From here follows that

\[\begin{split}C = \begin{bmatrix} 0.06 & 0.0108 & 0.00324 \\ 0.035 & 0.0028 & 0.003672 \end{bmatrix} \text{ and } D = \begin{bmatrix} 0 & 1 & 1 \\ 0 & 2 & 1 \end{bmatrix}.\end{split}\]

This completes the forward pass.

Backward pass#

It remains to perform the backward pass. That is, we need to find the Viterbi path.

From the last column of \(C\) we know that \(s = 2\), because the probability stored in the second row is higher than the probability stored in the first row of that column.

This implies that the reverse search for the optimal path starts with entry (2,3) of matrix \(D\).
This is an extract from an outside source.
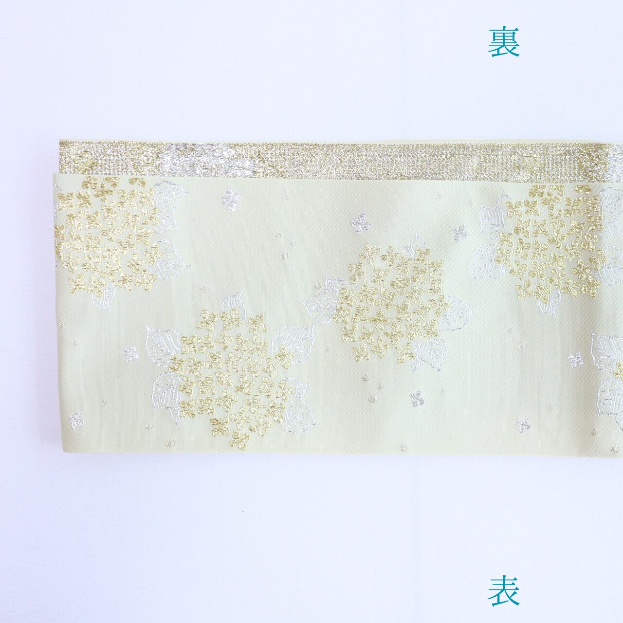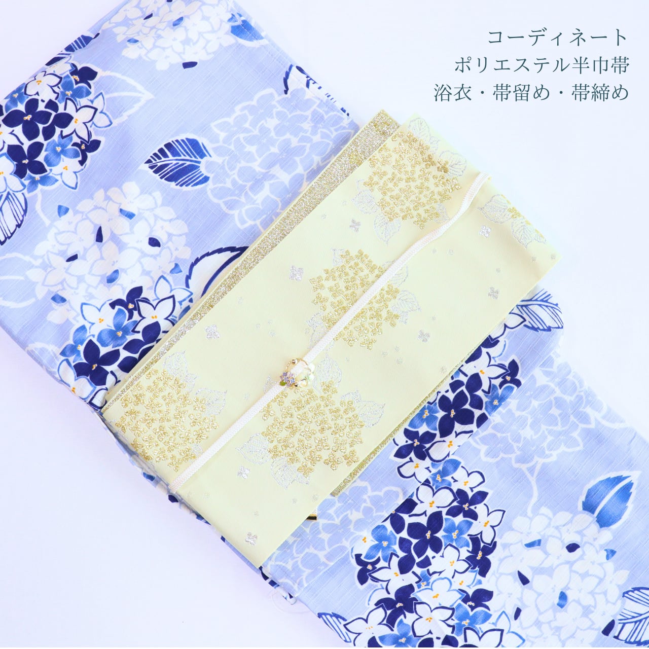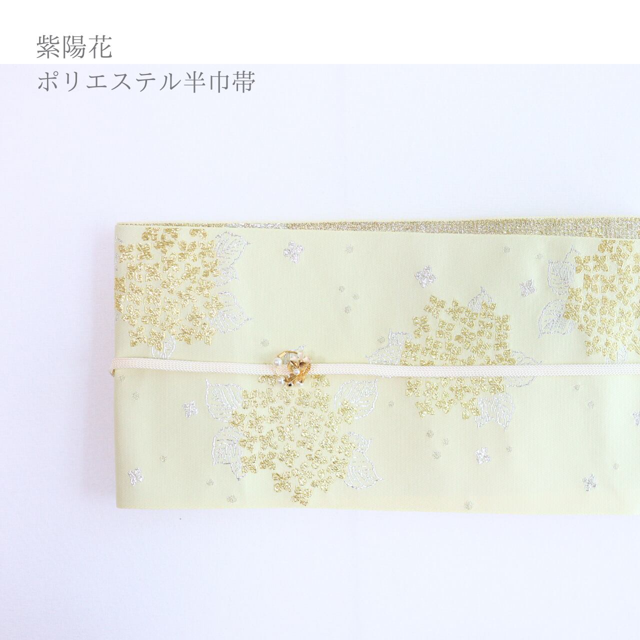 【半巾帯】【ゆかた用半巾帯】【ポリエステル】紫陽花 淡いパステル黄色 長さ4.0m

This entry is located in the second row of \(D\) that corresponds with the state Asleep. Thus, we conclude that \(x_2\) is equal to \(As\). In addition, \(D_{23} = 1\). The value 1 leads us to the first row in the second column, entry \(D_{12}\). \(D_{12}\) tells us that \(x_1=Aw\) and leads us to entry \(D_{11}\). Hence, \(x_0 = Aw\). The complete path through matrix \(D\) is shown below.
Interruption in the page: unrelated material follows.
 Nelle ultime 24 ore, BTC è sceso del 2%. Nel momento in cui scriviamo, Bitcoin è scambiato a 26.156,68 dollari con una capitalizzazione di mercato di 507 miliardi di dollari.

\[\begin{split}D = \begin{bmatrix} \mathbf{0} & \mathbf{1} & 1 \\ 0 & 2 & \mathbf{1} \end{bmatrix}.\end{split}\]

The answer to our decoding problem is \(X = (Aw, Aw, As).\)

Note that this path can also be found by looking at the largest entries of each column of \(C\).